● **Stored dataset items**:
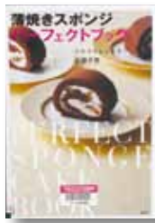
薄焼きスポンジ パーフェクトブック

◆食感が軽くて、しなやかな薄焼きスポンジの作り方を紹介。ロールケーキ、うず巻きケーキ、スペシャルな日のケーキなど、簡単テクニクのできる33品のレシピを収録。
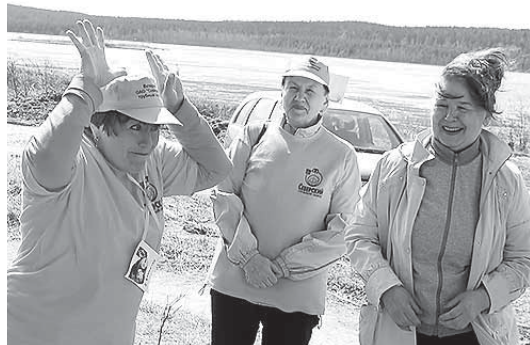
К выполнению заданий участники экоквеста подходят творчески

В рамках «Экологического марафона» планируется проведение ряда городских мероприятий, таких как туристический слёт, благотворительная ярмарка «Время добра» и другие. А стартом акции стал «Экологический квест», в котором приняли участие команды ветеранских организаций СТЗ, ПКЗ, муниципальной службы, медиков, посёлка Зюзельский и села Косой Брод.
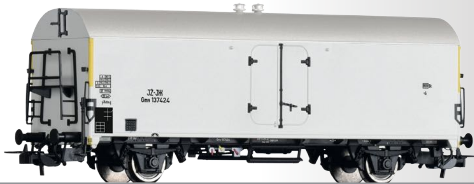
Kühlwagen Gmv der JZ Refrigerator car Gmv of the JZ
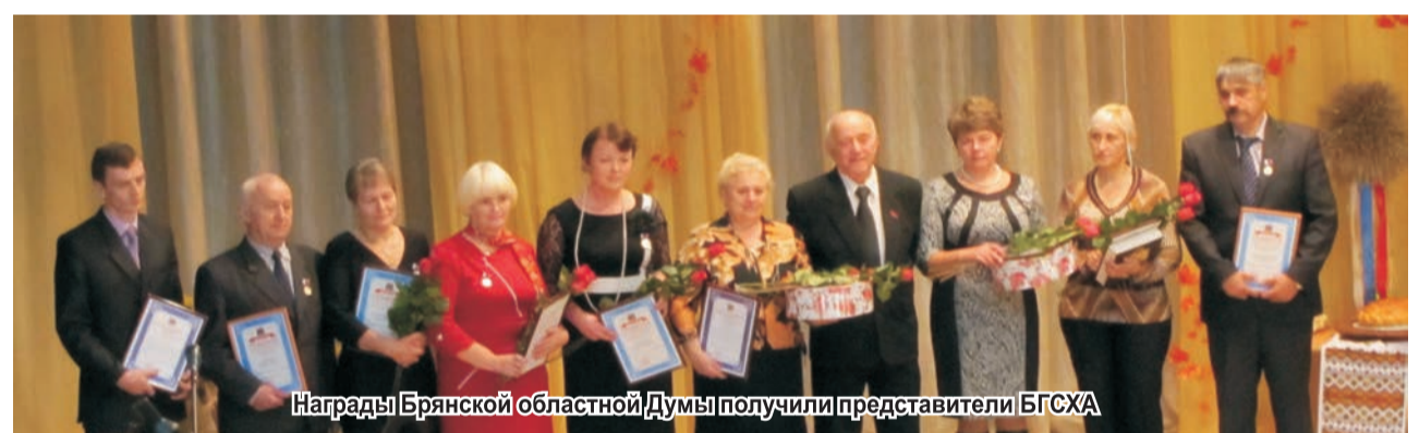
Награды Брянской областной Думы получили представители БГСХА

В Открытой международной студенческой Интернет-олимпиаде по экологии в Юго-Западном государственном университете была завоевана брон-

● **AIM OF THE EXERCISE**: In the copy, keep every line of the data above exactly and drop each picture.

● **RESPONSE AREA**:
薄焼きスポンジ パーフェクトブック

◆食感が軽くて、しなやかな薄焼きスポンジの作り方を紹介。ロールケーキ、うず巻きケーキ、スペシャルな日のケーキなど、簡単テクニクのできる33品のレシピを収録。
К выполнению заданий участники экоквеста подходят творчески

В рамках «Экологического марафона» планируется проведение ряда городских мероприятий, таких как туристический слёт, благотворительная ярмарка «Время добра» и другие. А стартом акции стал «Экологический квест», в котором приняли участие команды ветеранских организаций СТЗ, ПКЗ, муниципальной службы, медиков, посёлка Зюзельский и села Косой Брод.
Kühlwagen Gmv der JZ Refrigerator car Gmv of the JZ
Награды Брянской областной Думы получили представители БГСХА

В Открытой международной студенческой Интернет-олимпиаде по экологии в Юго-Западном государственном университете была завоевана брон-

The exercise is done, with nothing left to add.